Lead
Only 29% of large-cap mutual funds outperformed their benchmarks in 2023 year-to-date, falling below the long-run average of 37%. The data underscores persistent headwinds for active managers, with historic extremes ranging from 71% in 2007 to just 16% in 2014.
Key Developments
- 2023 YTD outperformance: 29% of large-cap mutual funds beat their benchmarks
- Long-run average: 37%
- Historical high: 71% in 2007
- Historical low: 16% in 2014
A year-to-date reading of 29% indicates that a clear majority of actively managed large-cap funds trailed their respective benchmarks in 2023. This continues a long-standing challenge for active strategies, particularly in environments where broad market indices lead.
Context and Implications
The outperformance rate remains below the historical average, highlighting the difficulty of consistently beating benchmarks after costs and in highly competitive, information-rich large-cap markets.

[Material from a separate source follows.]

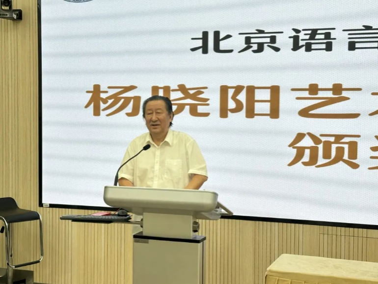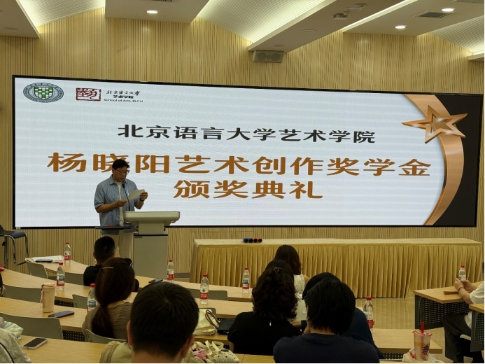 艺术学院副院长宋凯主持仪式并介绍北京语言大学艺术学院“杨晓阳艺术创作奖学金”的设立背景和评选过程。杨晓阳先生于2020年-2025年初受聘担任北京语言大学艺术学院名誉院长,在此期间,他始终致力于推动学院事业发展和扶持师生艺术创作,此次从自己的名誉院长酬金专项经费中拨出资金专门设立“杨晓阳艺术创作奖学金”,旨在鼓励和扶持青年学子进行艺术创作和探索。这体现了杨晓阳先生对艺术教育事业的无私奉献,对青年艺术学子成长的深切关爱和他传承文化薪火的坚定信念与博大情怀。评奖过程中,杨晓阳先生亲自领衔校内外专家团队,从50多件作品中进行严格遴选和评定,确保奖项的公正性和专业性。
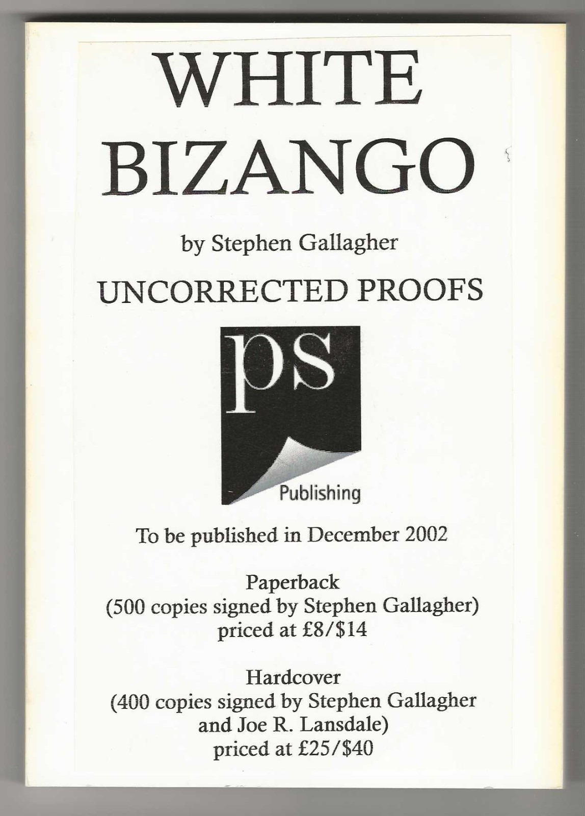 Stephen Gallagher White Bizango First edition Advance Uncorrected Proof Horror

While the data is historical through 2023 YTD, the pattern is notable for:
- Asset allocators assessing the active vs. passive mix in portfolios
- Investors evaluating fee-sensitive strategies and risk-adjusted returns
- Ongoing debates around market concentration and the role of mega-cap equities
The figures reinforce the structural challenge facing active management in large-cap equities, where benchmark dominance and cost efficiency can tilt outcomes toward passive strategies.
Looking Ahead
With the 2023 YTD figure sitting below the 37% long-term average, investors will be watching whether full-year results and subsequent years show a reversal or continued underperformance among active large-cap funds. Allocation decisions may increasingly favor passive vehicles when persistent underperformance persists, though market dispersion and volatility could periodically reset the opportunity set for stock pickers.